In comparison to intermediate-acting insulins, insulin analogues, such as insulin glargine, detemir, and degludec, are structurally modified human insulins that closely mirror the pharmacokinetic characteristics of endogenous insulin. Long-acting insulin analogues have a lower risk of hypoglycemia, especially nocturnal hypoglycemia, due to their prolonged duration of action and less dramatic insulin peak. In earlier clinical trials, there was inconsistent evidence for this benefit. However, because the majority of these earlier studies primarily included patients under the age of 60, they were underpowered to detect the effectiveness and safety of long-acting insulin analogues in older age groups, who are more at risk than younger people for hypoglycemia and its serious consequences .
When recommending hypoglycaemic medications to frail elderly adults with type 2 diabetes, it is important to take into account the possible effects on body weight. For instance, the AM phenotype should not utilise weight-limiting medications as GLP-1RA and SGLT-2 inhibitors due to the increased danger of further weight loss, dehydration, hypotension, and a higher chance of falling. Acarabose is less tolerated, causes considerable gastrointestinal side effects, and causes weight loss. Despite having the benefit of acceptable weight gain in the malnourished frail phenotype, insulin secretagogues like sulfonylureas or glinides are dangerous due to their significant risk of hypoglycemia. Additionally, there may be a high frequency of dementia in this age, which may be linked to irregular eating habits, and taking insulin secretagogues may greatly increase their risk of hypoglycemia. For many people with renal limitations, metformin might not be the best option. Additionally, pioglitazone raises the risk of volume overload, congestive heart failure aggravation, and lower limb oedema.
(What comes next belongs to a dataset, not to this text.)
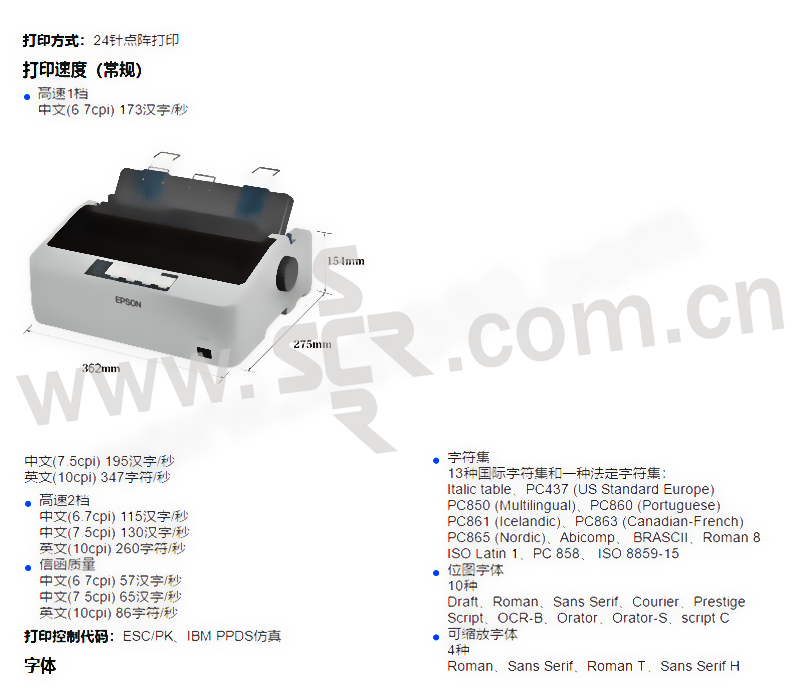 ·高速一档打印速度:195汉字/秒(7.5cpi)

Due to the negative side effects of insulin, such as the increased risk of hypoglycemia, unwanted weight gain, the difficulty of numerous injections, and the load of blood glucose monitoring, it has long been thought of as a last resort for hypoglycemic therapy following oral medicines. However, insulin may be a preferable early stage therapy in the AM phenotype of frailty. Anorexia and substantial weight loss define this phenotype [4,5].
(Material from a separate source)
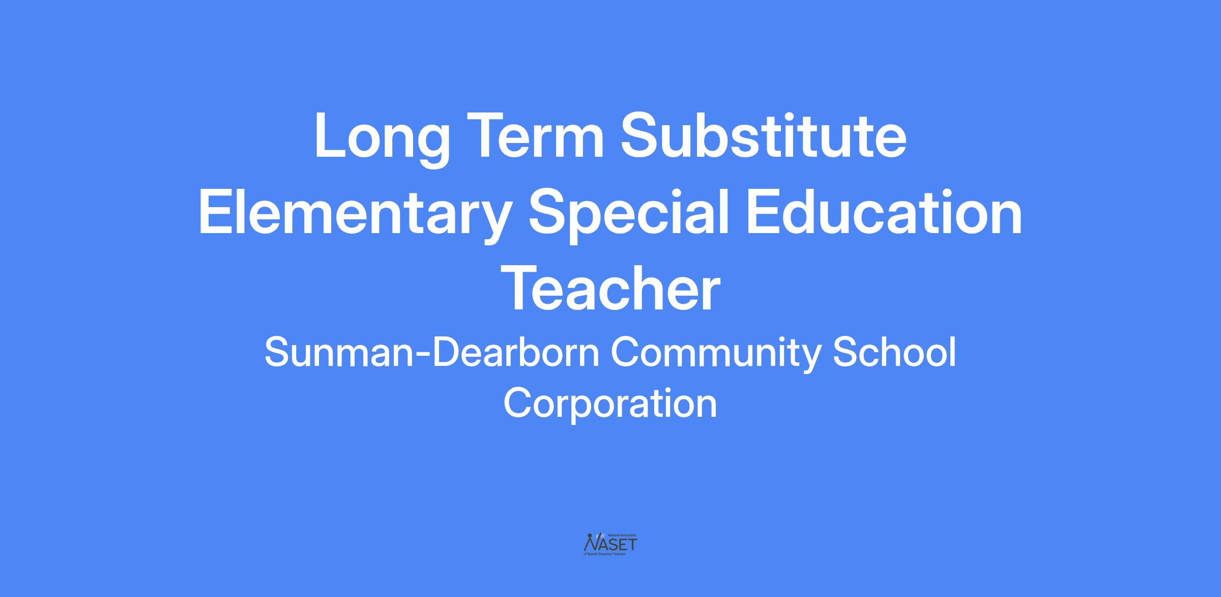 Long Term Substitute Elementary Special Education Teacher - Mild Intervention

A diverse metabolic spectrum that clusters at an anorexic malnourished (AM) phenotype at one end and a sarcopenic obese (SO) phenotype at the other appears to exist in frail, older adults with diabetes. Organ dysfunction and polypharmacy may restrict the use of oral hypoglycemic drugs in the AM phenotype. The negative effects of the new GLP-1RA and SGLT-2 inhibitors, such as greater weight loss, dehydration, hypotension, and an increased risk of falls, may also make them inappropriate for use in this frailty phenotype. As a result, using insulin early on may be an option for this vulnerable population of frail people. A single daily injection and reduced risk of hypoglycemia make long-acting insulin analogues seem to be safer choices. In this frailty phenotype, the negative effects of insulin-induced weight gain might be advantageous. Another benefit is that insulin has anabolic qualities that may improve muscle function, though additional large prospective studies are still needed to fully understand this significant effect. Therapy should aim to maintain a relaxed glycaemic control in patients with this frailty phenotype, avoid hypoglycemia as much as possible, and preserve a high quality of life.
The authors declare no conflict of interest.